我需要在regex或preg_match上得到帮助,因为我对这些方面还没有经验,所以这是我的问题。
I need to get the value "get me" but I think my function has an error. The number of html tags are dynamic. It can contain many nested html tag like a bold tag. Also, the "get me" value is dynamic.

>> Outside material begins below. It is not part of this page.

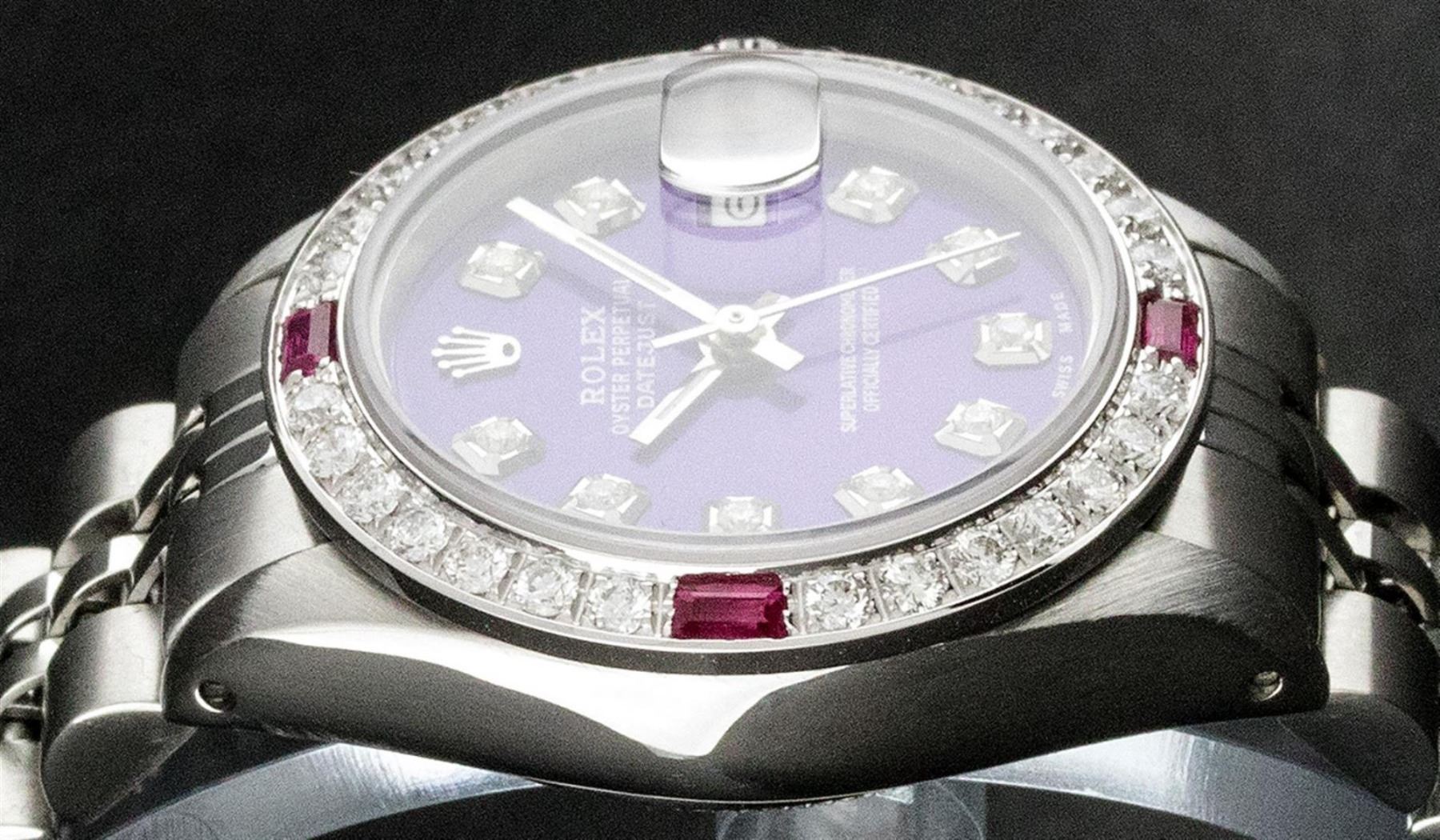 One Ladies Stainless Steel Rolex Datejust Polished Bright with Satin Finish, Serviced & Electronically Tested, Stainless Steel Case: 26mm, Stainless Steel Crown, Custom Bezel: New 18K White Gold Ruby Beadset Diamond Bezel, Diamond + Gem Count: 28 Diamonds + 4 Rubies. Total Weight .70 Carat, Clarity: SI-VS, Color: G to H. Custom Crystal: New Synthetic Scratch Resistant Sapphire Cyclops Lens. Custom Hands: New Luminescent Hands. Movement: Automatic Winding Movement Caliber 2030. Custom Dial: Refinished Purple With Diamond Hour Markers, Diamond Count: 10 Diamond in Dial, G To H In Color, Clarity: SI-VS. Date Window: 3 O'Clock Position Date Display, Model: Datejust. Condition: G-6 Extra Fine. Bracelet: Stainless Steel Jubilee. Bright Polish & Satin Finish. 6.0 Inch Length, Adjustable. Standard Clasp, With Rolex Logo. This Watch Has Been Serviced Time Tested And Is In Excellent Condition It Is Free Of All Scratches And Dents.

我需要得到“get me”的值,但我认为我的函数有一个错误。html标签的数量是动态的。它可以包含许多嵌套的html标记,如粗体标记。此外,“获取我”值是动态的。
<?php
function getTextBetweenTags($string, $tagname) {
$pattern = "/<$tagname>(.*?)<\/$tagname>/";
preg_match($pattern, $string, $matches);
return $matches[1];
}
$str = '<textformat leading="2"><p align="left"><font size="10">get me</font></p></textformat>';
$txt = getTextBetweenTags($str, "font");
echo $txt;
?>
7 个解决方案
#1
60
<?php
function getTextBetweenTags($string, $tagname) {
$pattern = "/<$tagname ?.*>(.*)<\/$tagname>/";
preg_match($pattern, $string, $matches);
return $matches[1];
}
$str = '<textformat leading="2"><p align="left"><font size="10">get me</font></p></textformat>';
$txt = getTextBetweenTags($str, "font");
echo $txt;
?>
That should do the trick
这应该很管用
#2
9
Try this
试试这个
$str = '<option value="123">abc</option>
<option value="123">aabbcc</option>';
preg_match_all("#<option.*?>([^<]+)</option>#", $str, $foo);
print_r($foo[1]);
#3
8
In your pattern, you simply want to match all text between the two tags. Thus, you could use for example a [\w\W]
to match all characters.
在您的模式中,您只需匹配两个标记之间的所有文本。因此,您可以使用例如a [\w\ w]来匹配所有字符。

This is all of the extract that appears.